- **Brief**
After removing every image, reproduce the data exactly as it appears.

- **Information shown**
──────────────────────────────
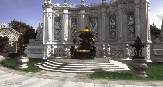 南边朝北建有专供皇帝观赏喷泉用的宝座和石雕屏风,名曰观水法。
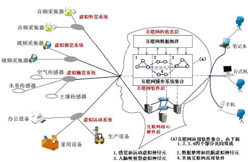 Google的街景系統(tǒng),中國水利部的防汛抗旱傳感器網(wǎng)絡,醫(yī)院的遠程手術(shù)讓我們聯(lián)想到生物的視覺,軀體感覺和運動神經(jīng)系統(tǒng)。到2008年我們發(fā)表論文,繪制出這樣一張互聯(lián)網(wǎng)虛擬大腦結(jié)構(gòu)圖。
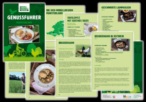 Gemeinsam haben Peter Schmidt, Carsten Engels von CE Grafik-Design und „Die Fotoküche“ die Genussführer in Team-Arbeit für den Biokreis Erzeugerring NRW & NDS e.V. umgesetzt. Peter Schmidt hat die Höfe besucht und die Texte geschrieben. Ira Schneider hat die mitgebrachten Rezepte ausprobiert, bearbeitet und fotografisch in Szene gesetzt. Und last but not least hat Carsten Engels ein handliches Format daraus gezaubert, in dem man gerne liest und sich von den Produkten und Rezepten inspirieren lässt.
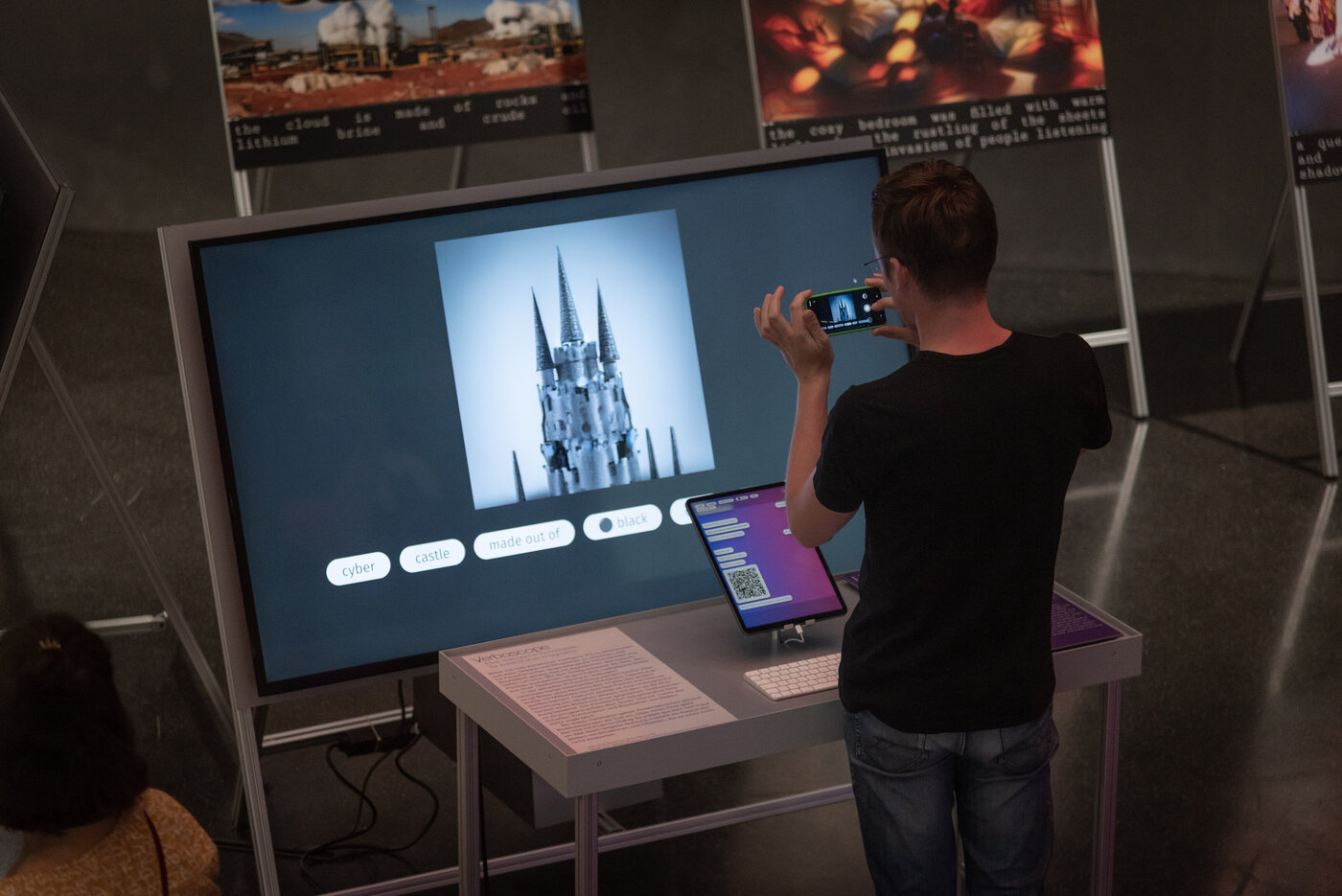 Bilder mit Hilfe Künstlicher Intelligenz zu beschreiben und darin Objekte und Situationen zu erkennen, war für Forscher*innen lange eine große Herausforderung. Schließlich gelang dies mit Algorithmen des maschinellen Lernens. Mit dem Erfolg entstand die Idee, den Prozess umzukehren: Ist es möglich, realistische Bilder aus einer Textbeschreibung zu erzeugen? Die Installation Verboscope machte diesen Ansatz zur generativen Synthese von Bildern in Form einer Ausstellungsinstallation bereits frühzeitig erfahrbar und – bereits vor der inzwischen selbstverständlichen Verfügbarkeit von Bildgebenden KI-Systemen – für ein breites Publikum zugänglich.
──────────────────────────────
- **Expected output**
 南边朝北建有专供皇帝观赏喷泉用的宝座和石雕屏风,名曰观水法。
 Google的街景系統(tǒng),中國水利部的防汛抗旱傳感器網(wǎng)絡,醫(yī)院的遠程手術(shù)讓我們聯(lián)想到生物的視覺,軀體感覺和運動神經(jīng)系統(tǒng)。到2008年我們發(fā)表論文,繪制出這樣一張互聯(lián)網(wǎng)虛擬大腦結(jié)構(gòu)圖。
 Gemeinsam haben Peter Schmidt, Carsten Engels von CE Grafik-Design und „Die Fotoküche“ die Genussführer in Team-Arbeit für den Biokreis Erzeugerring NRW & NDS e.V. umgesetzt. Peter Schmidt hat die Höfe besucht und die Texte geschrieben. Ira Schneider hat die mitgebrachten Rezepte ausprobiert, bearbeitet und fotografisch in Szene gesetzt. Und last but not least hat Carsten Engels ein handliches Format daraus gezaubert, in dem man gerne liest und sich von den Produkten und Rezepten inspirieren lässt.
 Bilder mit Hilfe Künstlicher Intelligenz zu beschreiben und darin Objekte und Situationen zu erkennen, war für Forscher*innen lange eine große Herausforderung. Schließlich gelang dies mit Algorithmen des maschinellen Lernens. Mit dem Erfolg entstand die Idee, den Prozess umzukehren: Ist es möglich, realistische Bilder aus einer Textbeschreibung zu erzeugen? Die Installation Verboscope machte diesen Ansatz zur generativen Synthese von Bildern in Form einer Ausstellungsinstallation bereits frühzeitig erfahrbar und – bereits vor der inzwischen selbstverständlichen Verfügbarkeit von Bildgebenden KI-Systemen – für ein breites Publikum zugänglich.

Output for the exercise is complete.